Once you find the line below that has "Para ello, cuenta", output it and every line after it exactly, stopping after the line that has "Промислова вилка панельна", with no pictures.

=== Records for the exercise ===

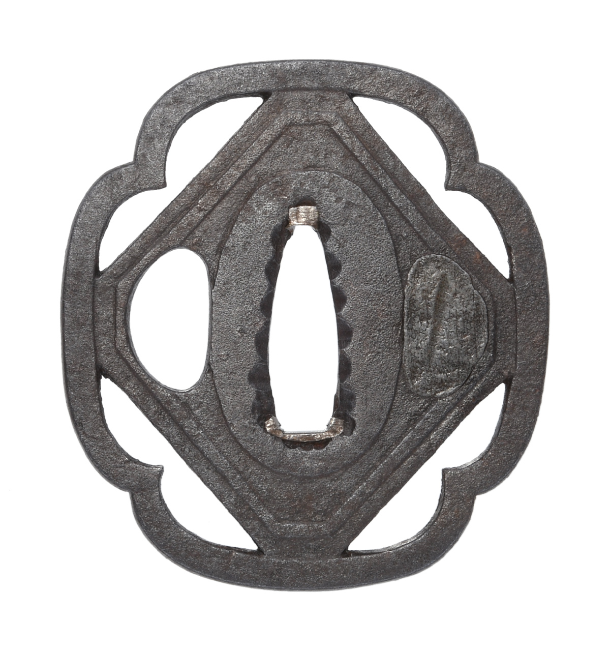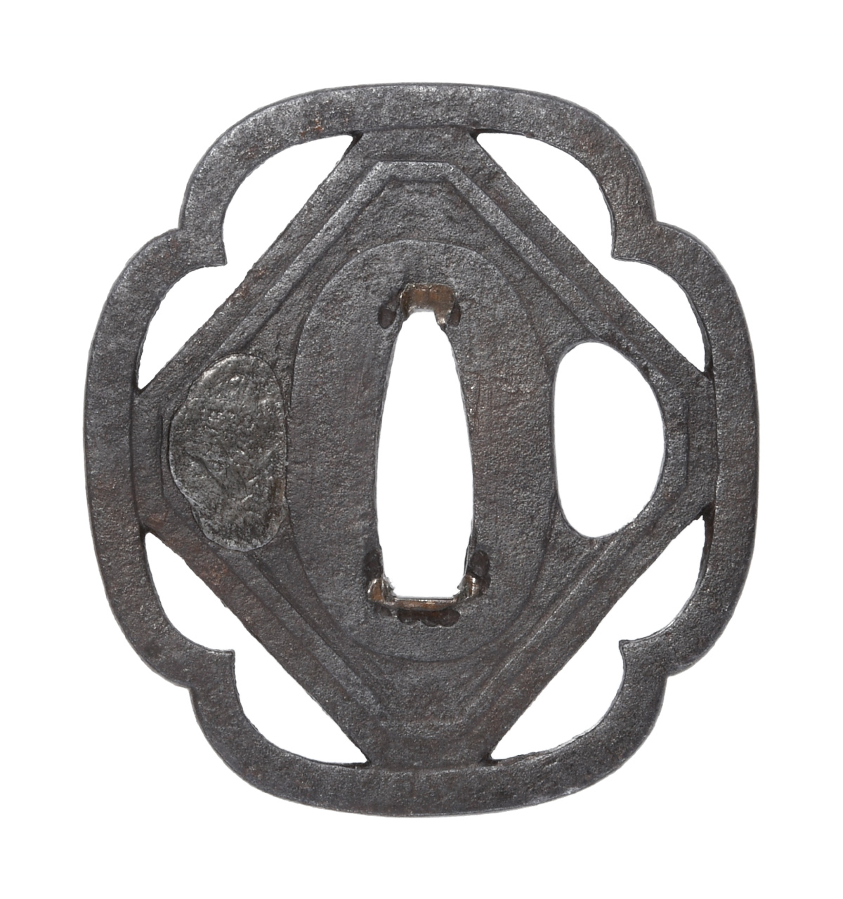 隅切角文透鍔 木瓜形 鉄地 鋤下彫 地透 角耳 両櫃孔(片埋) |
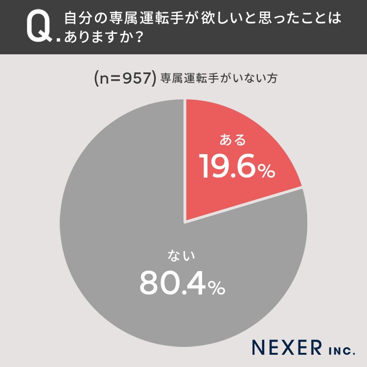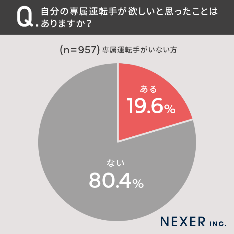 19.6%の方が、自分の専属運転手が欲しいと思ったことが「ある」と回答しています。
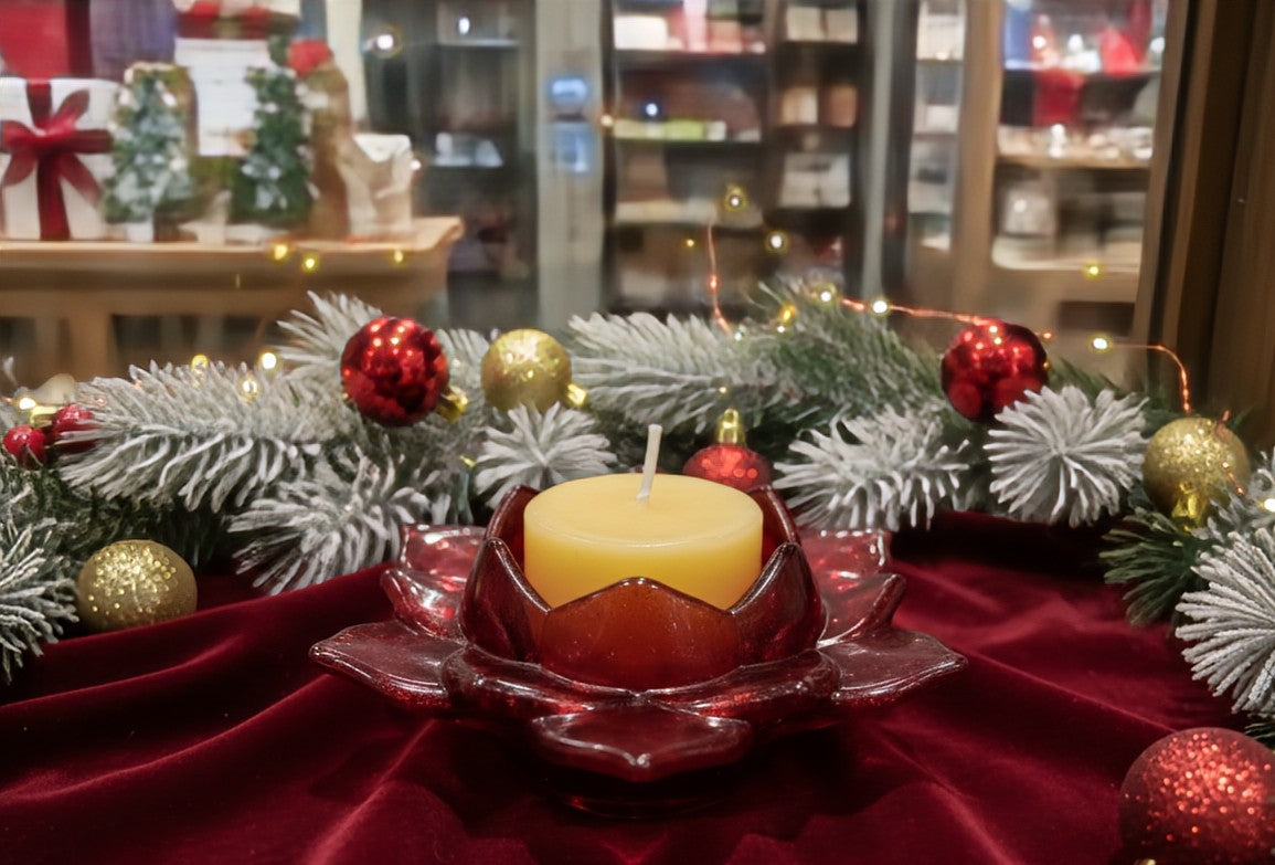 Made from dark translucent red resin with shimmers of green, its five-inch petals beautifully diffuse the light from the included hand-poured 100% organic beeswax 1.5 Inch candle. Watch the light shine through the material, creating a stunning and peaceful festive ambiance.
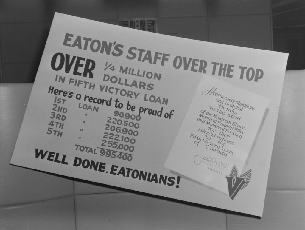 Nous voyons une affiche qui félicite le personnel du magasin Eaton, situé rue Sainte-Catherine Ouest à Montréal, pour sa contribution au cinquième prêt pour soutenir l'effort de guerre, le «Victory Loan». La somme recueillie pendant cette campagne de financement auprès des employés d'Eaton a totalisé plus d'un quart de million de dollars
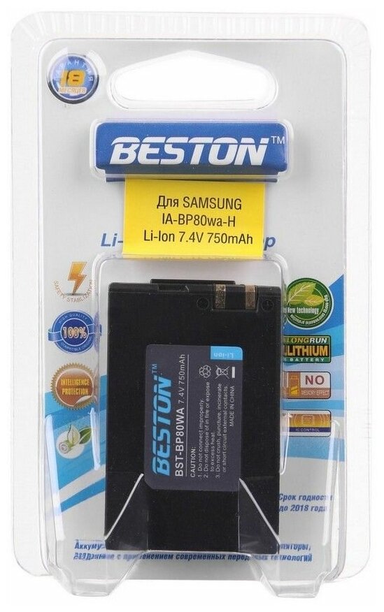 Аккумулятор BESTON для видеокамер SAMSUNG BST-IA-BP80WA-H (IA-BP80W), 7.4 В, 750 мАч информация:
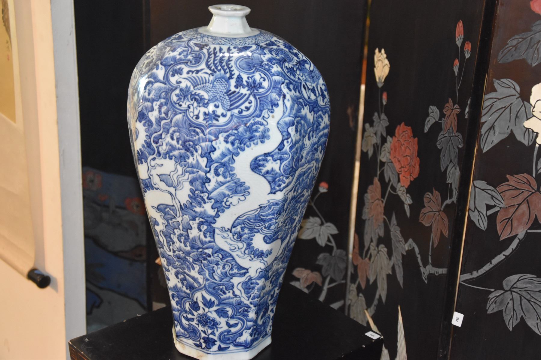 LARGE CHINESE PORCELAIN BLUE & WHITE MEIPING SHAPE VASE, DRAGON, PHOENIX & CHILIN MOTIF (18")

===
=== Records for the exercise ===

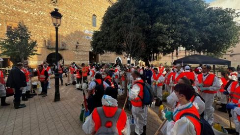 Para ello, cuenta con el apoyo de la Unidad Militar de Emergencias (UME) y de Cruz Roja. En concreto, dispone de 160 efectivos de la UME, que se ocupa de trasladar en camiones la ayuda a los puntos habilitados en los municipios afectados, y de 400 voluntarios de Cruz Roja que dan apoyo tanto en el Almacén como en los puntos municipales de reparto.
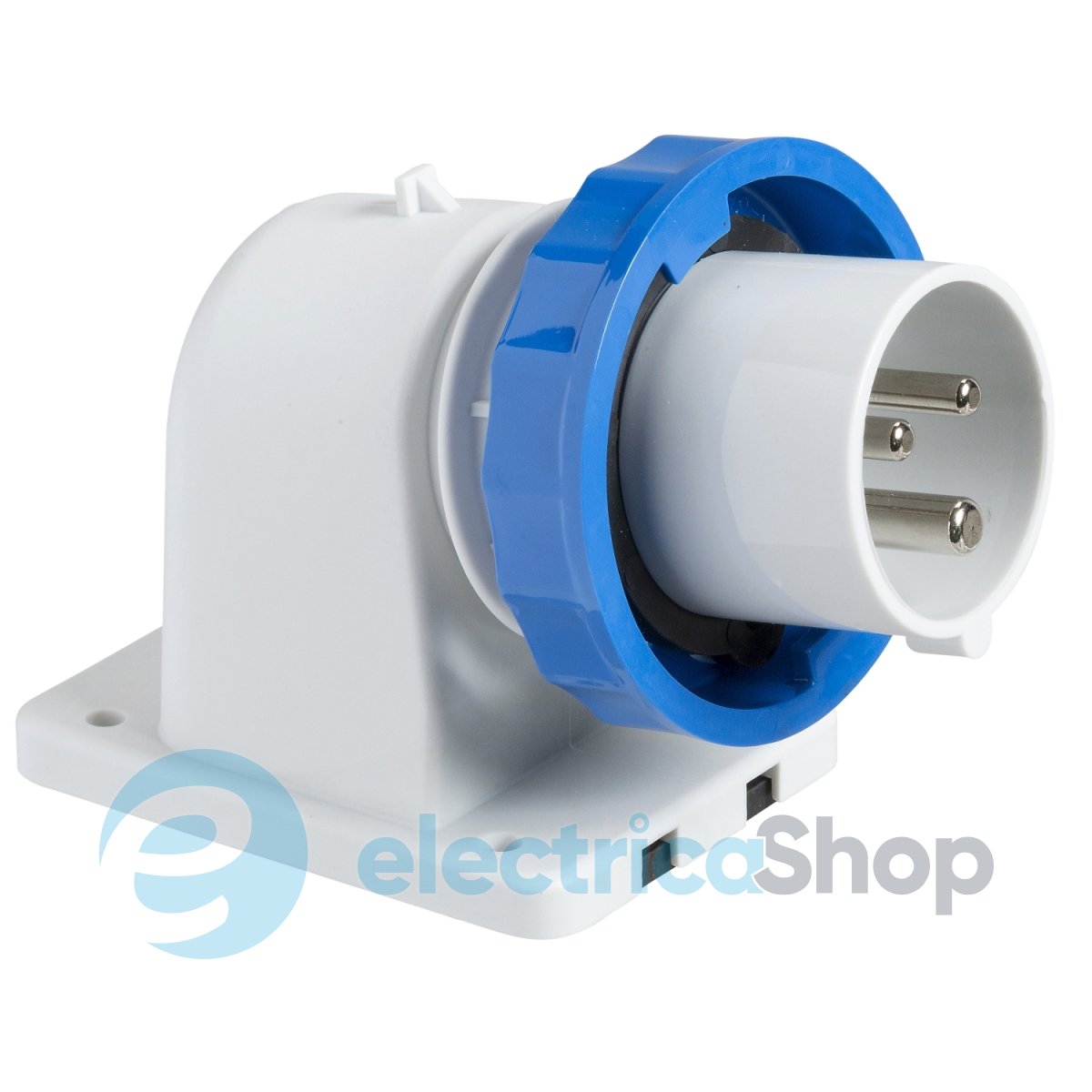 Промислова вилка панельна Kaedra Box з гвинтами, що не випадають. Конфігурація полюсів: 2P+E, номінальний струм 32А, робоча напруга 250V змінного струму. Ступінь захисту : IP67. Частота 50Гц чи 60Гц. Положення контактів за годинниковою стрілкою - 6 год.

===

* Completed exercise
 Para ello, cuenta con el apoyo de la Unidad Militar de Emergencias (UME) y de Cruz Roja. En concreto, dispone de 160 efectivos de la UME, que se ocupa de trasladar en camiones la ayuda a los puntos habilitados en los municipios afectados, y de 400 voluntarios de Cruz Roja que dan apoyo tanto en el Almacén como en los puntos municipales de reparto.
 Промислова вилка панельна Kaedra Box з гвинтами, що не випадають. Конфігурація полюсів: 2P+E, номінальний струм 32А, робоча напруга 250V змінного струму. Ступінь захисту : IP67. Частота 50Гц чи 60Гц. Положення контактів за годинниковою стрілкою - 6 год.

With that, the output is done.